Разумеется, помогли ему в этом мудрые советники. Имя одного из них, Руэра,

никогда не будет забыто историей. Руэр помнил, что предварительная цензура

никогда не будет восстановлена в лице правительственных цензоров, и он изобрел

систему, которая привела в восторг и Наполеона и его советников. Эта система

обрушивалась на произведения авторов не прежде напечатания, в виде

предварительной цензуры, а уже после появления их в печати, в виде

предостережения. Редакторы могли в своих газетах говорить все, что угодно, но

только помнить, что за каждое смелое слово их ждет первое предостережение, затем

второе, третье, а там и закрытие, если редактор неисправим. Таким образом,

цензуры не было, а, между тем, все находилось под зорким наблюдением самих

журналистов. Они сознавали, что безопасность их газеты зависела от их

«благоразумия». Малейшая дерзость могла погубить дело. Как школьники, они

пугливо озирались по сторонам, вместо того чтобы говорить полным голосом, они

невольно понижали тон, священный огонь негодования гасили и превращали пламенную

речь в тепловато-бесцветно-невинный лепет.
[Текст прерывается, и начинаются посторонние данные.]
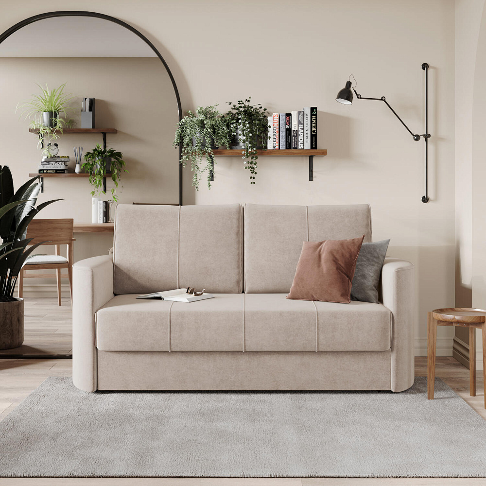 Двухместный диван «Амми» — это идеальное сочетание надёжности, простоты и комфорта. Прямая строчка на сиденье и приспинных подушках создает завершённый образ и придает модели мягкую геометричность. Механизм «Еврокнижка» в сложенном виде поможет сэкономить пространство в комнате и использовать диван для ежедневного сна. Благодаря универсальному дизайну, качественным материалам и эргономичности диван станет главным местом гостиной в современном стиле, сканди или лофт.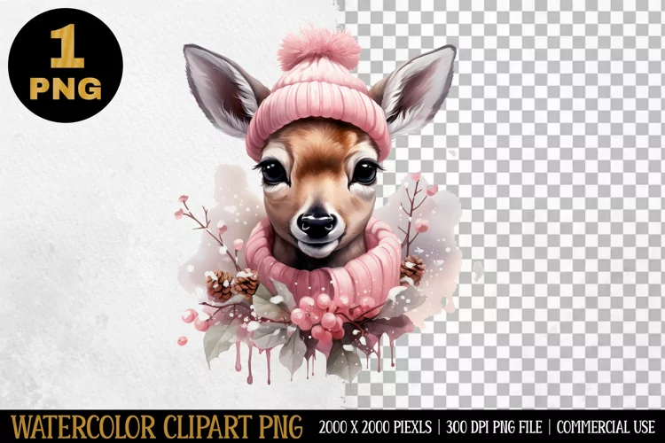 Reindeer in Hat Watercolor Clipart | Sublimation Designs PNG example image 1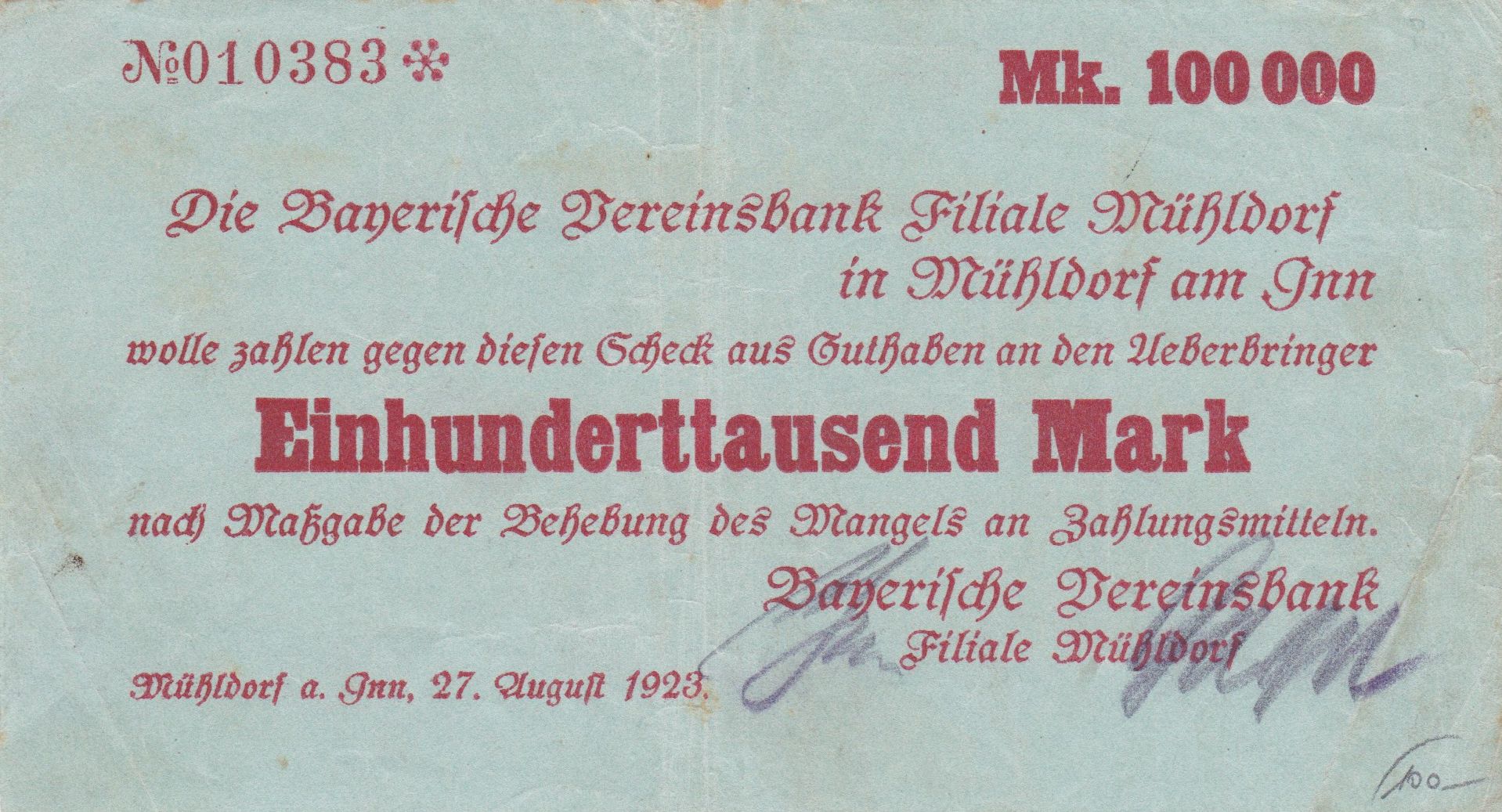 Datei:Mühldorf Vereinsbk 100K 27081923 Vs.jpg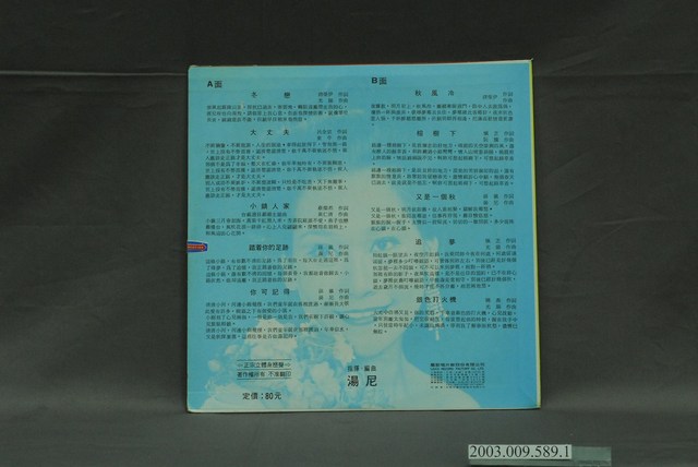 麗歌唱片公司出版編號「AK-1208」的十二吋塑膠唱片,出版於1979年12月,內容有國語歌曲12首,包括〈冬戀〉、〈大丈夫〉、〈小鎮人家〉、〈踏著你的足跡〉、〈你可記得〉、〈秋風冷〉、〈榕樹下〉、〈又是一個秋〉、〈追夢〉、〈銀色打火機〉等。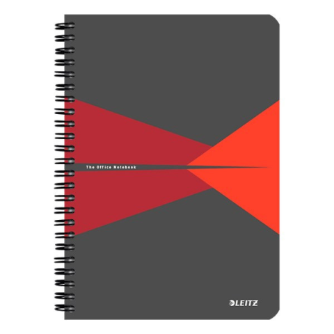 Spirálfüzet vonalas LEITZ Office A/5 90 lapos PP borítóval piros Az extra erős PP borító tökéletes mobil írófelület biztosít. A fém spirálkötésnek köszönhetően a borító 360°-ban kihajtható. Magas fehérségű papír speciális bevonattal, mely megakadályo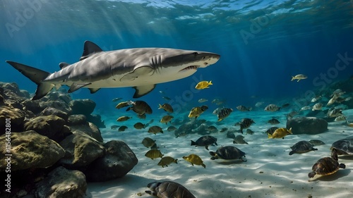 Obraz premium Northern River Shark and River Turtles: Coexisting in a Peaceful Freshwater Ecosystem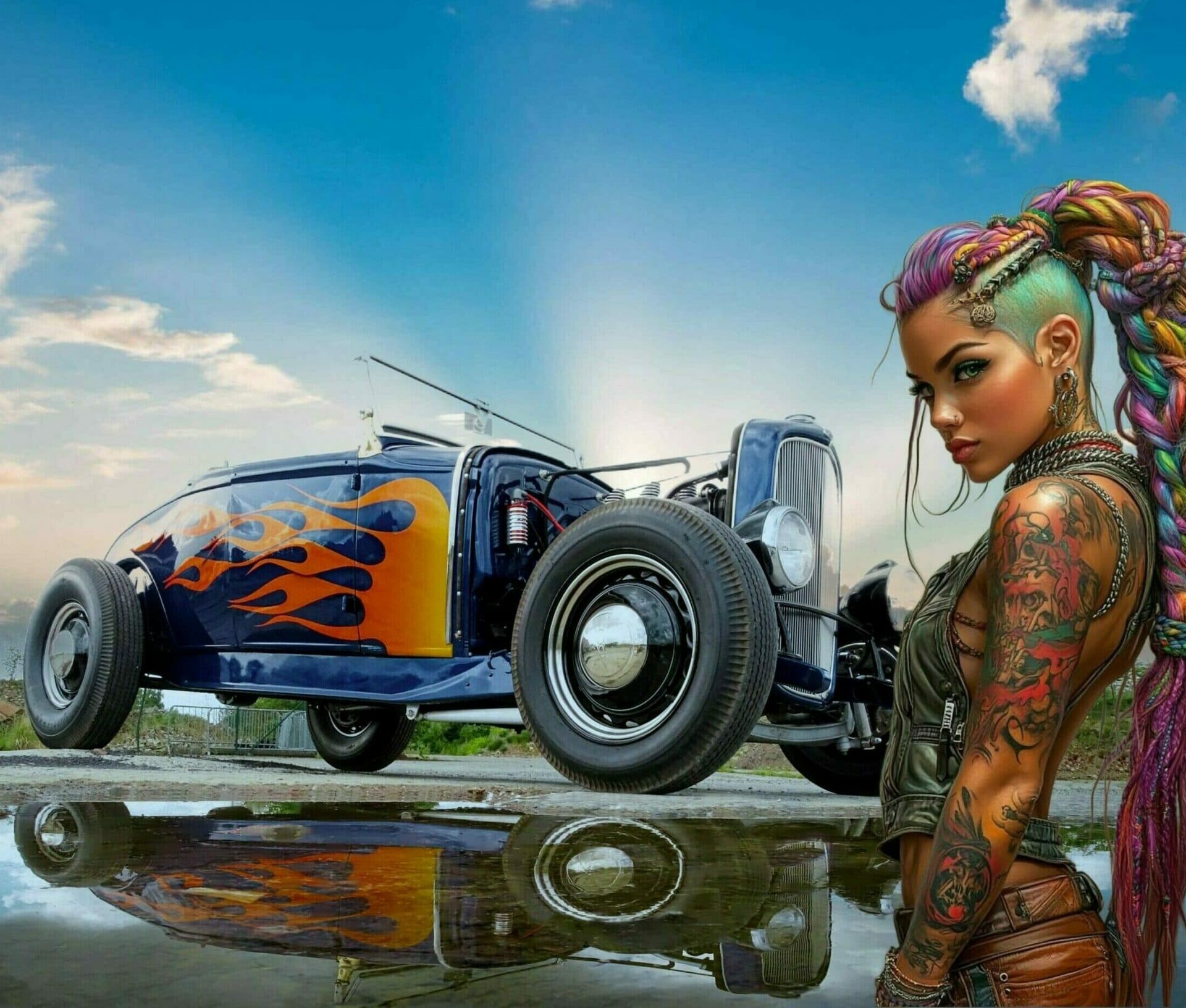 Pas de serpent dans l’herbe, mais des références serpentines partout.. Arrêté à un carrefour, et avec ma main gauche serrée autour du volant, le pied droit en équilibre et les yeux fixés sur la route devant moi, je suis prêt à foncer dans ce Hot Rod. Alors que je suis sur le point de lever l’embrayage et d’appuyer de manière spectaculaire sur la pédale d’accélérateur, ma concentration est brisée. Un éclair de cheveux multicolores traverse à côté de moi. Une Steam-Punk m’implore de la prendre (sic) d’abord comme passagère, plus si affinités… Les bras agités sauvagement dans les airs, elle forme un cœur avec ses mains.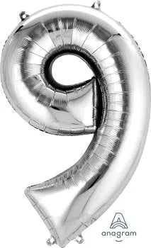 Our Silver 9, Giant Numer Shaped 86cm 34" Foil Balloons are the ultimate way to celebrate someone's birthday, a business grand opening or for marketing a new product at a trade show! Spell out the person's name or product name and either inflate them with helium to have them float or with air to not have them float and attach them to the wall. These huge balloons are great for bouquets, photo backdrops, on the top of balloon columns, design them into the top of balloon arches and more. Add color coordinating mylars and latex balloons for the ultimate balloon bouquet! This balloon includes a self-sealing valve, preventing the gas from escaping after it's inflated. Balloon arrives uninflated.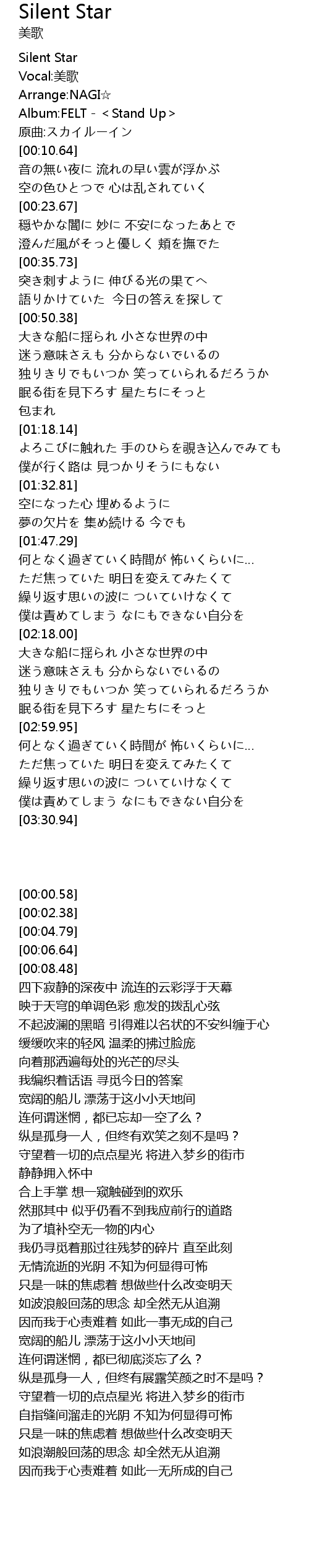 | [00:06.64] | Album:FELT - <Stand Up> |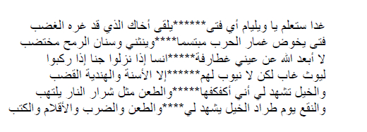 (-) Morgen, William, zult u ontdekken; welke jongeman tegenover uw broeders zal staan, die zijn misleid door hun leiders. Een jongeman, die in de rook van de oorlog ondergedompeld, bleef glimlachen; hij ging door op wat hem inviel, de bladen van lansen rood kleurend, Moge God mijn oog niet afhalen van de meest eminente mensen, als ze zouden vallen, moeten Djinns uitrijden, En leeuwen van de jungle, wier enige hoektanden; hun lansen en korte Indische zwaarden zijn Terwijl de hengst mijn getuige is dat ik hen inhoud, is mijn steken als de vuursintels die vlammend exploderen. Op de dag dat de hengsten uitrijden, zullen de strijdkreten mij bevestigen; net zoals steken, slaan, pennen en boeken. |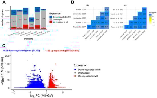 Differential expression analysis of genes during the GV-to-MII oocyte transition. (A) Results of individual differential expression analysis for the six datasets evaluated in this study. Numbers represent the percentage of genes upregulated, downregulated, or stable in MII versus GV oocytes. (B) Correlation of the normalized expression of all expressed genes for the six datasets evaluated in this study, respectively, for GV and MII oocytes. (C) Volcanoplot of the meta-analysis result for the six datasets evaluated in this study. A random effects model based on effect size (log2FC, difference of expression between MII and GV oocytes) and p-values from each dataset was applied. One gene is represented by one dot. A total of 2991 significant DEGs were identified (summary adjusted p-value from the random effect model < 0.05 and sign of log2FC consistent in all 6 studies). Blue dots represent significant DEGs downregulated in MII oocytes compared to GV. Similarly, red dots represent significant DEGs upregulated in MII oocytes compared to GV oocytes. The interval confidence of the summary log2FC is represented by the bars associated with the dots for each DEG [,,,,,].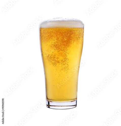 glass of light beer isolated on a white background.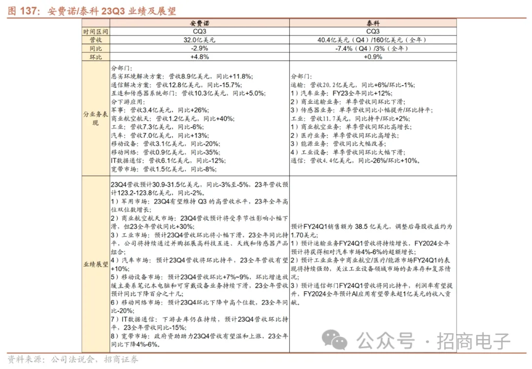 泰科:汽车业务单季营收同比高增长;受益于汽车电动化及公司定价优势,预计FY2024汽车业务超额增速4%-6%。公司FY23Q4(7.1-9.30)收入40.4亿美元,同比-7.4%/环比+0.9%,符合此前指引,其中运输/工业/通信部门收入占比分别为60%/29%/11%。运输部门营收实现同比增长,单季度订单量同环比提升,主要受益于终端混动和纯电动汽车的产量持续增长。公司电动汽车上的产品内容应用约为燃油车上的2倍。公司预计24年每季度汽车产量约2100万辆,其中混动和纯电占比将持续提升,未来亚洲地区仍将为电动汽车业务的增长动力源。受益于公司与中国市场合资及本土OEM的广泛合作,预计公司在电动汽车领域将持续增长。安费诺:移动设备市场业务环比大幅改善,汽车市场需求保持强劲,预计23Q4移动设备营收环比持续提升。23Q3公司营收32.0亿美元,高于指引上限,同比-2.9%/环比+4.8%,同比下滑主要系商用航空、军事和汽车市场的增长及公司收购对业绩的贡献被IT数据通信、移动网络、移动设备、宽带和工业终端市场的下滑抵消。公司预计23Q4移动设备、宽带业务有望环比提升,但移动设备业务受笔记本和可穿戴业务下滑影响环比增速放缓。预计23Q4汽车业务环比持平,23全年营收+10%。
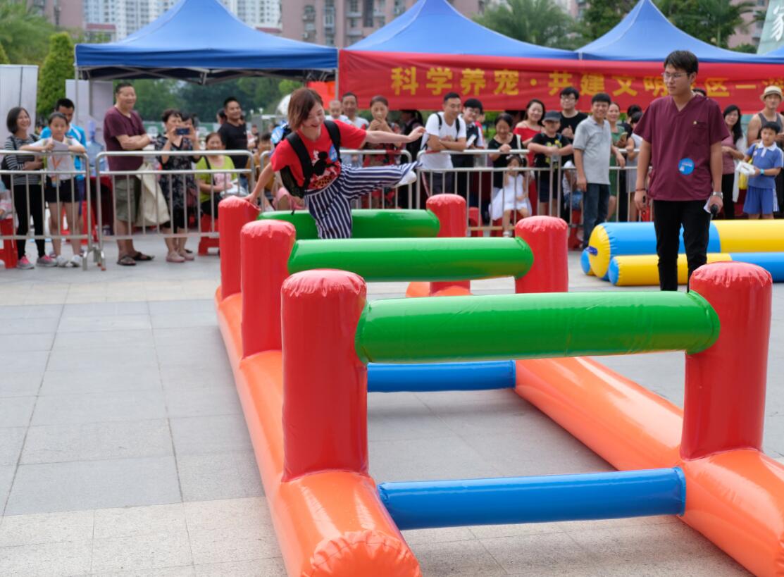 記者在現(xiàn)場(chǎng)看到,運(yùn)動(dòng)會(huì)由汪星人“翻山越嶺”障礙物通關(guān)和喵星人“萌主起駕”鏟屎官闖關(guān)兩個(gè)項(xiàng)目組成,比賽競(jìng)爭(zhēng)激烈趣味無(wú)窮,吸引了社區(qū)鄰里參與互動(dòng),活動(dòng)氣氛歡樂(lè)無(wú)邊。此次活動(dòng)既為社區(qū)帶來(lái)一場(chǎng)別開(kāi)生面的趣味活動(dòng),又為社區(qū)居民宣傳了科學(xué)養(yǎng)寵的相關(guān)知識(shí),倡導(dǎo)文明養(yǎng)寵和諧社區(qū)的正能量?;顒?dòng)現(xiàn)場(chǎng)處處歡聲笑語(yǔ),社區(qū)居民與小寵物們共享歡樂(lè)。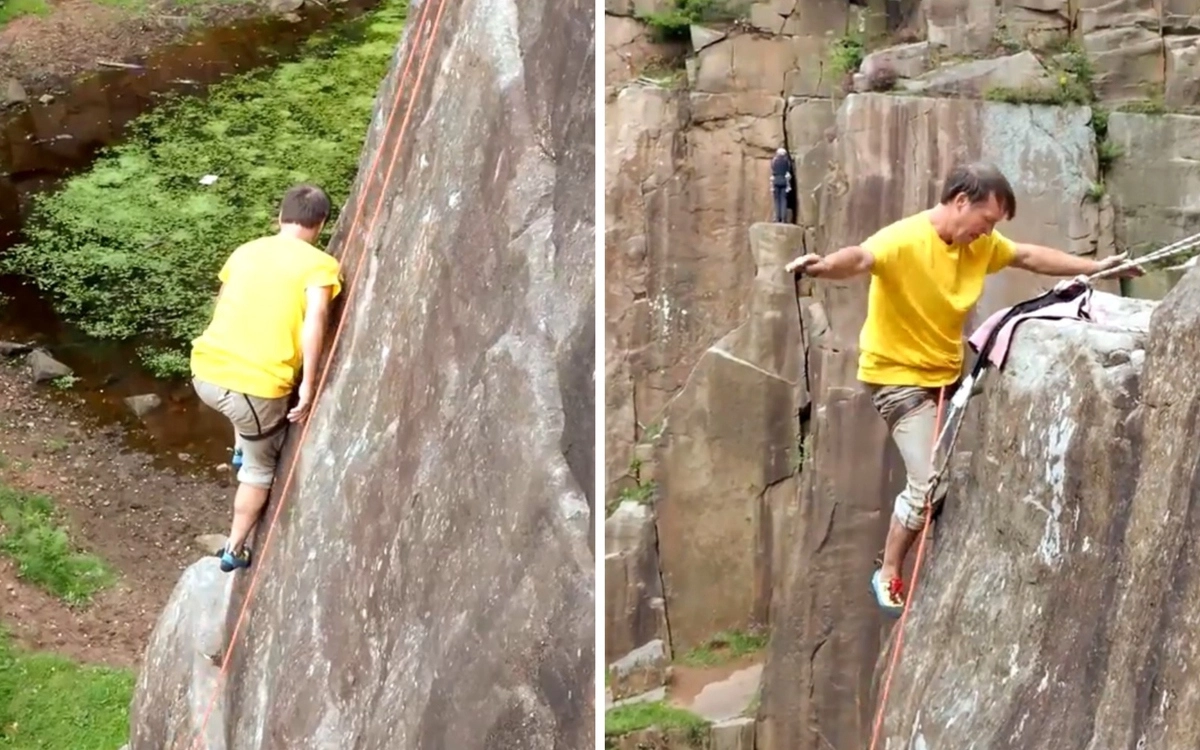 Мужчина научился преодолевать крутые скалы, практически не используя руки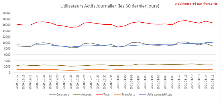 Toutes les informations présentées dans ce rapport sont basées sur les données collectées dans la blockchain jusqu'au 15-01-2021 à minuit, heure UTC. L'objectif de ce rapport est de vous fournir une vision claire de ce qui se passe quotidiennement dans la blockchain Hive.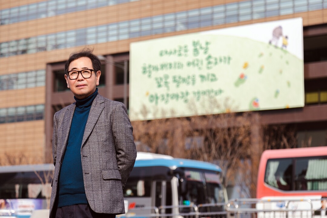 | 2023 광화문 글판 봄편에 선정된 목포대학교 국문학과 김선태 교수가 기념촬영을 하고 있다. 사진=목포대 제공 |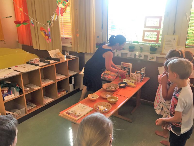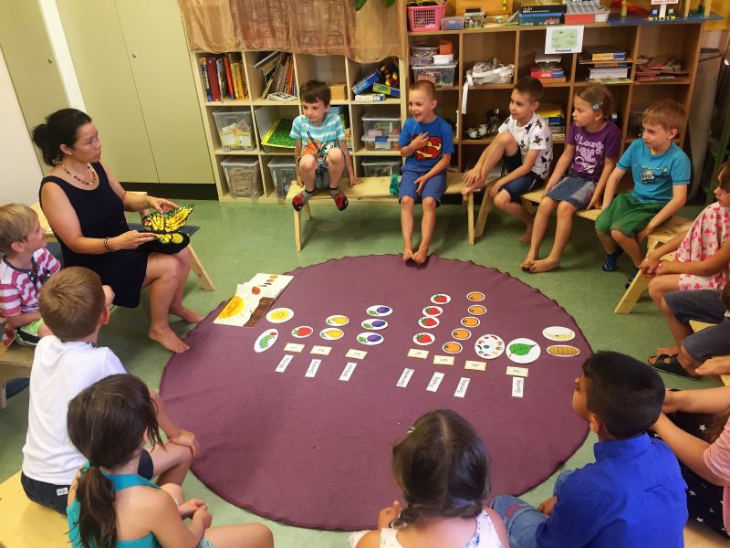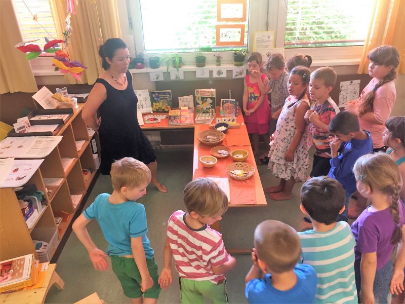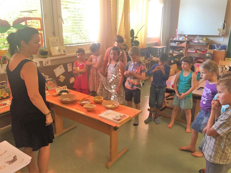 Die Kinder haben die Möglichkeit mit den vorbereiteten Materialien mehr über die Raupe und den Schmetterling, den Marienkäfer, die Ameise und den Regenwurm zu erfahren. Ebenso können sie sich bei den Blumen, wie z.B. die Schafgarbe, der Spitzwegerich, vertiefen. Es bleibt in der Lernwerkstatt auch Platz für eigene Ideen und Forschungen.

Уже через несколько дней после гениального открытия Руэра, верного сподвижника

лицемерно преступного Наполеона III, знаменитый журналист Арман Бертен на обеде

у графини Ле-Гон с прискорбием заявил: «О декрете Руэра можно сказать все, что

угодно, кроме одного, что автор глуп. Этот декрет меня, журналиста, заставляет

наблюдать за уклонением собственной газеты и делает из меня дарового чиновника,

призванного противодействовать нападкам против конституции и охранять порядок к

выгоде правительства»[3].

Цензура могла сказать о себе, как крыловская муха: «коль выгонят в окно, так я

влечу в другое», так как благодаря этой мудрой системе предостережений

ответственный редактор превращался в собственного цензора и начинал не хуже

цензора, назначенного от правительства, вымарывать статьи слишком горячих и

несдержанных сотрудников. «Действуя таким образом, – писал в своем циркуляре

министр полиции Мона в 1852 г., – в год издания закона о предостережениях

правительство дало удовлетворение требованиям честных людей, и оно обнаружило

строгость лишь по отношению к тем, кто желает превратить печать в орудие для

разрушения общественного строя».

Предварительной цензуры не было, но и системы предостережений было достаточно,

чтобы в столице осталось вскоре всего 11 изданий, из которых четыре писались под

диктовку приближенных Наполеона.

Эта система обрушивалась, главным образом, не на тех, кто «обогащался» и кому

всячески помогало в этом правительство ловких дельцов, а на тех, кто беднел и

кто боролся против общественного строя, покоившегося на власти капитала.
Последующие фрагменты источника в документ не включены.